It's an edge case for sure. I don't quite mind which way we go either.
For now I'll just keep the current way of doing things, but am happy to
change it.

> One thing that I don't quite follow with this logic is why we need to
> have geometric_factor set. You could (somewhat unreasonably) write a
> MIDX containing a single pack (git repack -[A|a] --write-midx
> --write-bitmap-index), or a MIDX containing just the new pack along with
> all of the existing (local) packs, (git repack --write-midx
> --write-bitmap-index).
> 
> So I think we'd want to drop the geometric_factor from the above
> conditional. (And in the future, I think we typically refer to whether
> or not the "geometry" pointer is NULL or not to indicate whether or not
> we are doing a geometric repack, though the diff context doesn't give me
> enough to know whether we have even attempted to set up that instance
> yet, so this is fine, too).

Mh. Yeah, I think you're right. I'll change it.

Patrick
Patrick Steinhardt April 13, 2023, 10:14 a.m.

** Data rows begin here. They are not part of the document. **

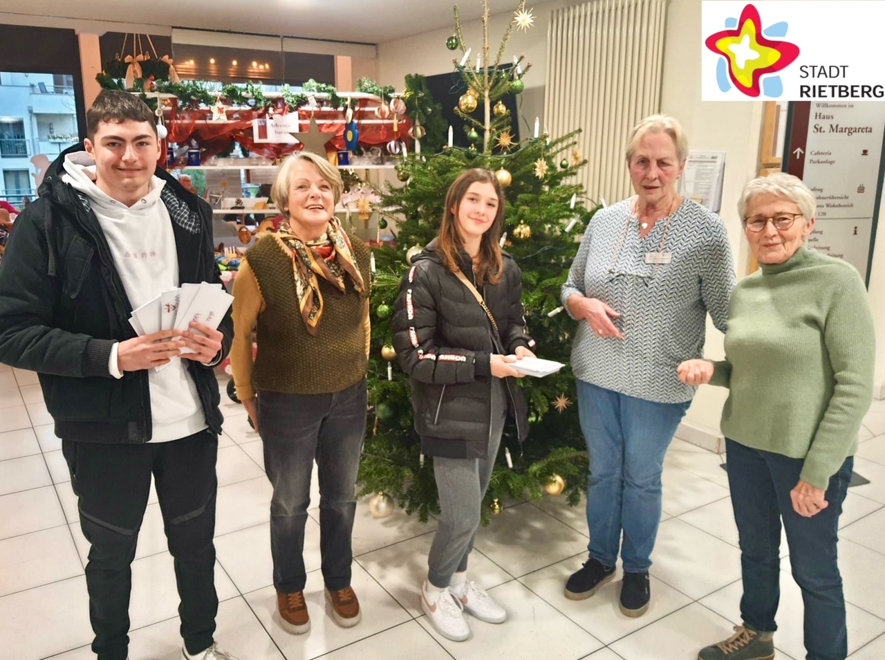 Ulrich Zimmer und Celine Schulz (Mitte) vom Jugendtreff Neuenkirchen überreichten zahlreiche von Neuenkirchener Kindern und Jugendlichen gebastelte Weihnachtskarten an Gertrud Röhrs, Elisabeth Dreisewerd und Ulli Buschsieweke (von links) vom Altenpflegeheim St. Margareta. Foto: Stadt Rietberg
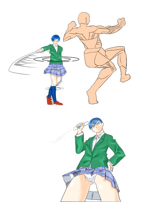 古武術だと体の軸をぶらさずに斬るらしいので、左をボツにして直したのが右だけど・・結果どうでもよかった。 かかった時間だけが無駄だった。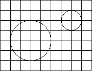 ; На клетчатой бумаге изображены два круга. Во сколько раз площадь большего круга больше площади меньшего?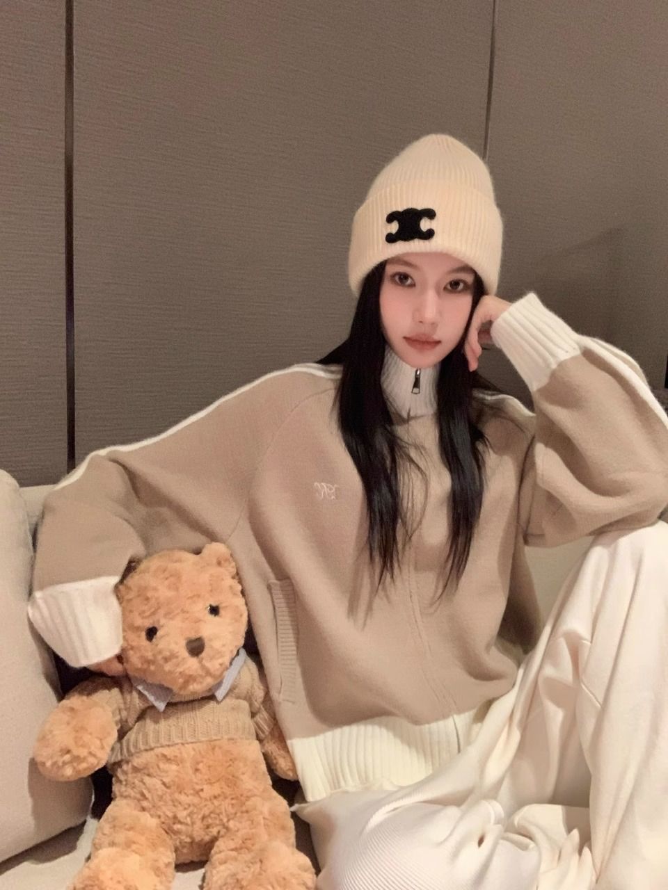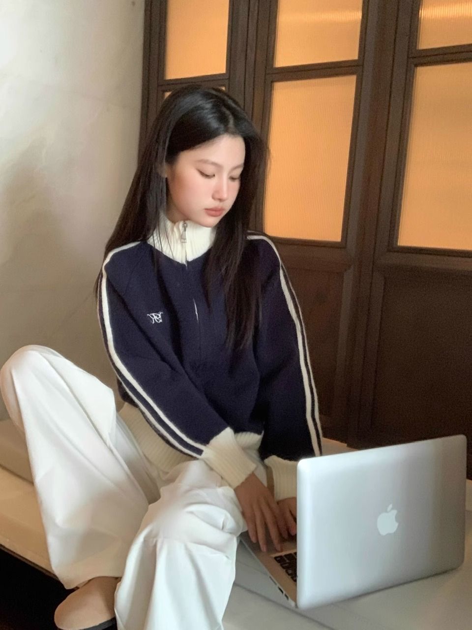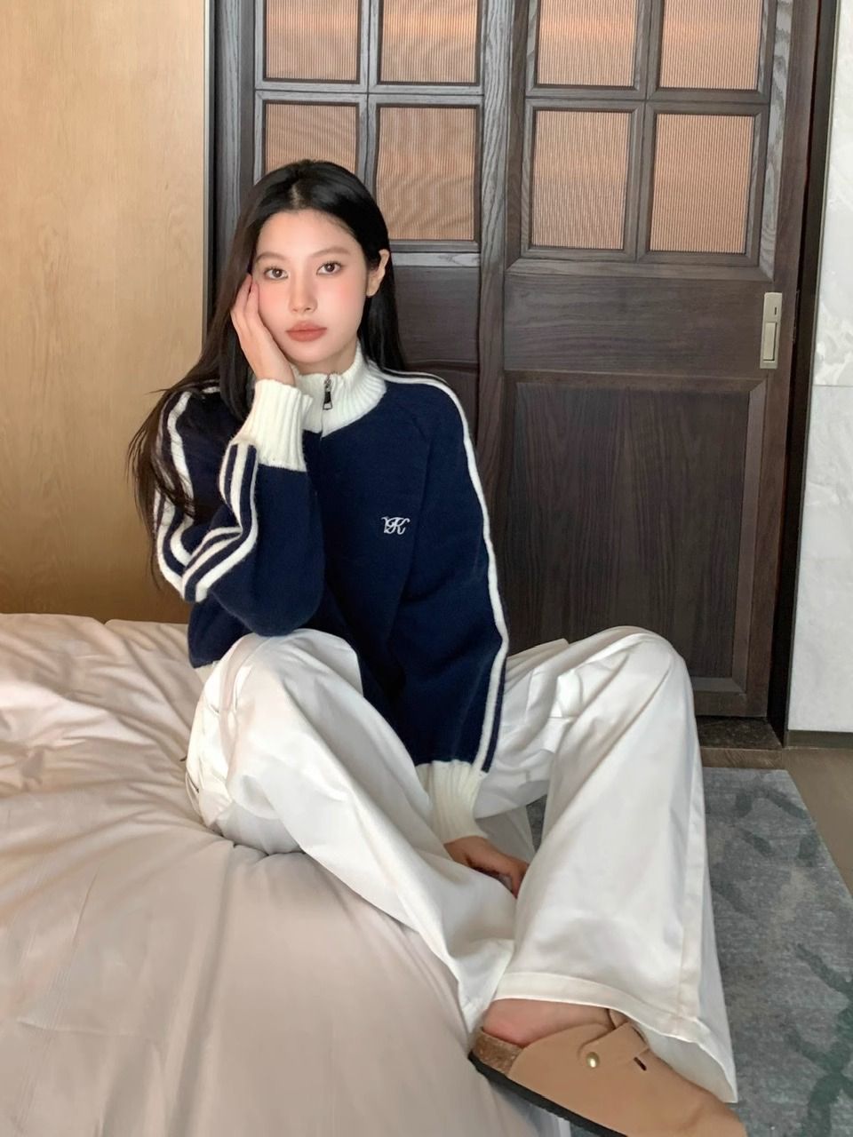 [양고기털] 아메리칸 스타일 배색 긴팔 스탠드 칼라 스웨터 재킷 여성 루즈핏 야구 유니폼 가디건 지퍼 탑스토어 가기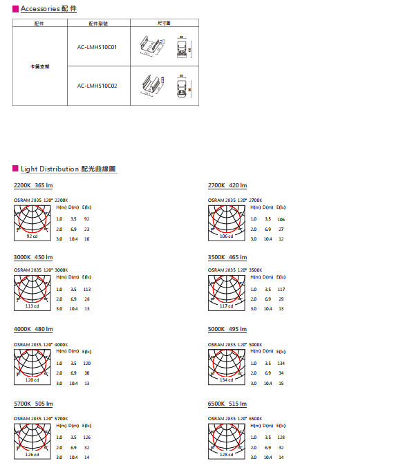 • 色溫(Color Temperature):2200K、2700K、3000K、3500K、4000K、5000K、5700K、6500K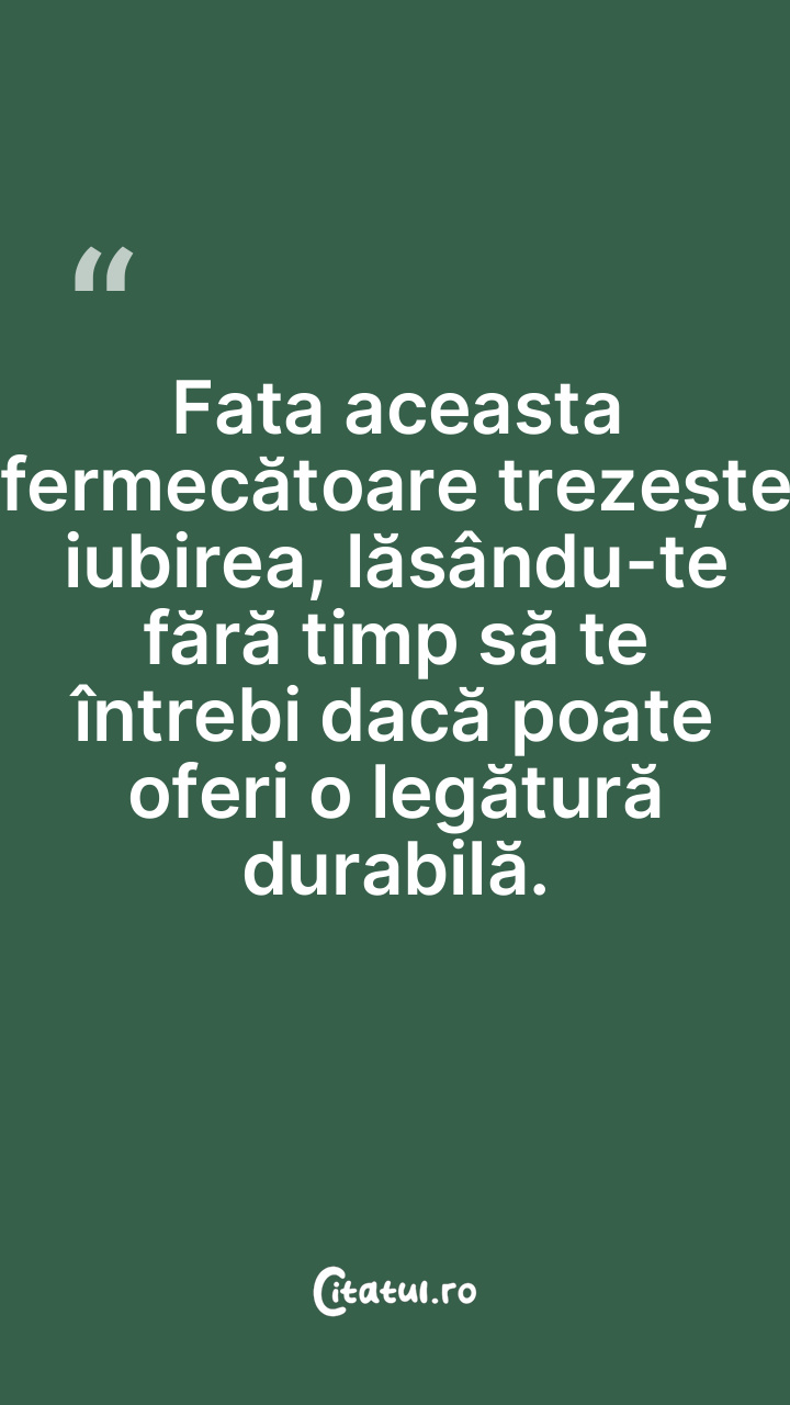 Fata aceasta fermecătoare trezește iubirea, lăsându-te fără timp să te întrebi dacă poate oferi o legătură durabilă.
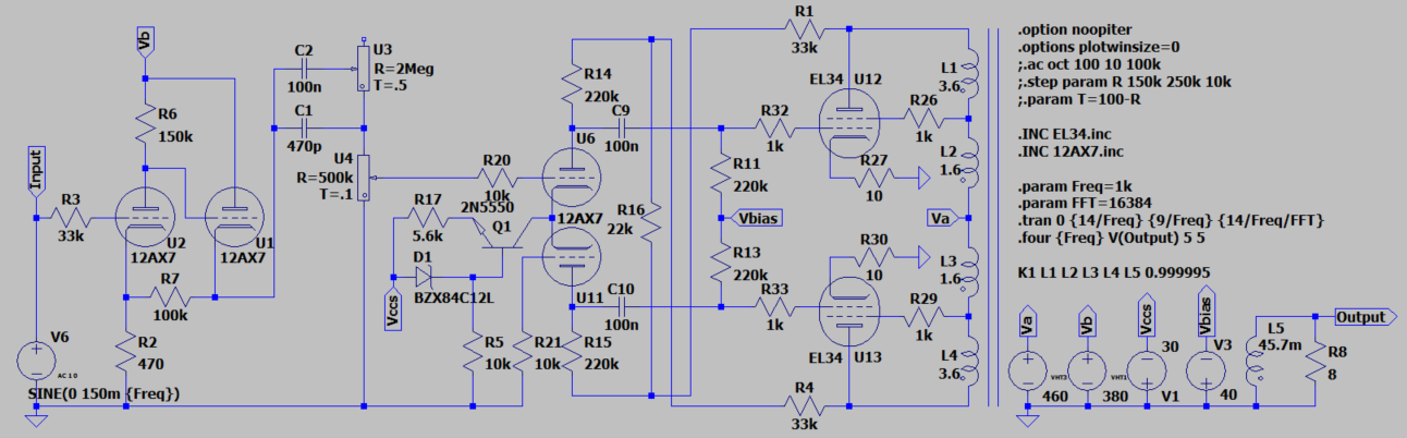 Questo amplificatore per chitarra (non dico anche per basso perchè ha circa 45 Wrms al 5% di THD, che per basso sono un po' pochini, ma si può scalare a salire passando ad un quartetto di 6550 o altri bottiglioni simili) che sto buttando giù su carta partendo da un'evoluzione di un altro ampli per Hi-Fi che ho realizzato.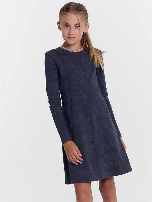 Платье для девочек прилегающего силуэта из трикотажного полотна рибана. Горловина круглой формы обтачка из основного полотна. На детали переда декоративные членения. Рукав втачной, длинный, узкий. Платье к низу расширяется. Низ изделия и руковов обработаны швом в подгибку.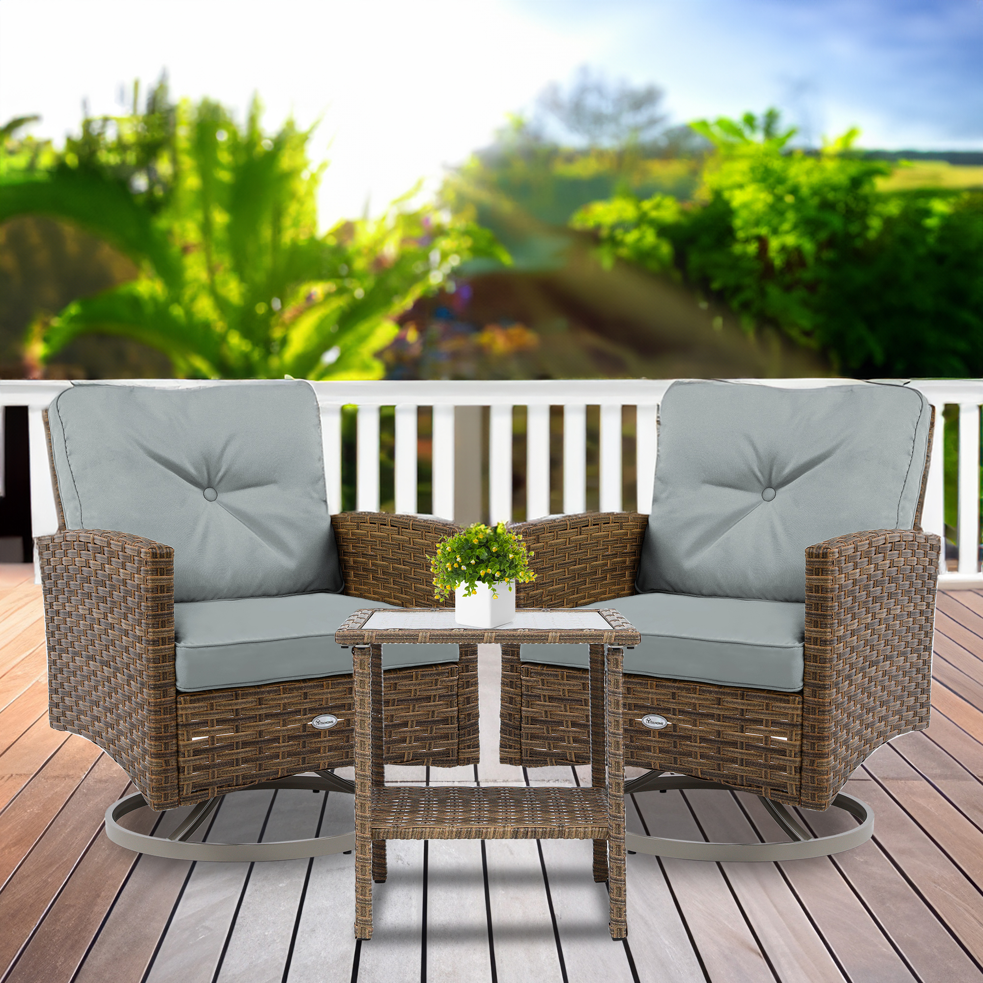 3 Piece Outdoor Wicker Patio Bistro Set,360 Degree Swivel Rocking Chair Patio Chair Patio Furniture With Premium Seat Cushion,Space Saving Patio Furniture For Patio,Garden
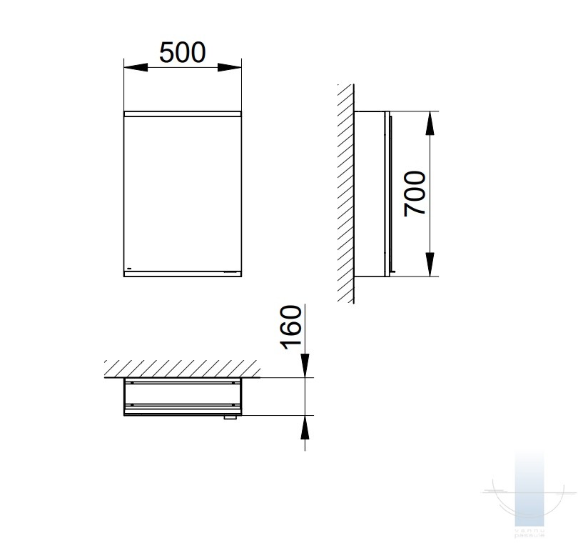 Piestiprināms pie sienas, 1 durvis, neapgaismots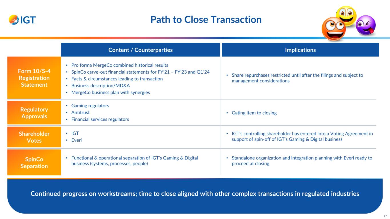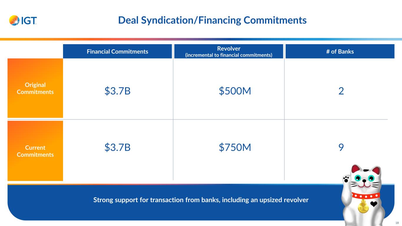 Path to Close Transaction 17 Form 10/S-4 Registration Statement Regulatory Approvals Shareholder Votes SpinCo Separation Continued progress on workstreams; time to close aligned with other complex transactions in regulated industries Content / Counterparties Implications • Pro forma MergeCo combined historical results • SpinCo carve-out financial statements for FY’21 – FY’23 and Q1’24 • Facts & circumstances leading to transaction • Business description/MD&A • MergeCo business plan with synergies • Gaming regulators • Antitrust • Financial services regulators • IGT • Everi • Functional & operational separation of IGT’s Gaming & Digital business (systems, processes, people) • Share repurchases restricted until after the filings and subject to management considerations • Gating item to closing • IGT’s controlling shareholder has entered into a Voting Agreement in support of spin-off of IGT’s Gaming & Digital business • Standalone organization and integration planning with Everi ready to proceed at closing

UTC | #3
On Thu, Apr 13, 2023 at 11:54:55AM +0200, Patrick Steinhardt wrote:
> On Wed, Apr 12, 2023 at 06:01:06PM -0400, Taylor Blau wrote:
> > On Wed, Apr 12, 2023 at 12:23:01PM +0200, Patrick Steinhardt wrote:
[snip]
> > One thing that I don't quite follow with this logic is why we need to
> > have geometric_factor set. You could (somewhat unreasonably) write a
> > MIDX containing a single pack (git repack -[A|a] --write-midx
> > --write-bitmap-index), or a MIDX containing just the new pack along with
> > all of the existing (local) packs, (git repack --write-midx
> > --write-bitmap-index).
> > 
> > So I think we'd want to drop the geometric_factor from the above
> > conditional. (And in the future, I think we typically refer to whether
> > or not the "geometry" pointer is NULL or not to indicate whether or not
> > we are doing a geometric repack, though the diff context doesn't give me
> > enough to know whether we have even attempted to set up that instance
> > yet, so this is fine, too).
> 
> Mh. Yeah, I think you're right. I'll change it.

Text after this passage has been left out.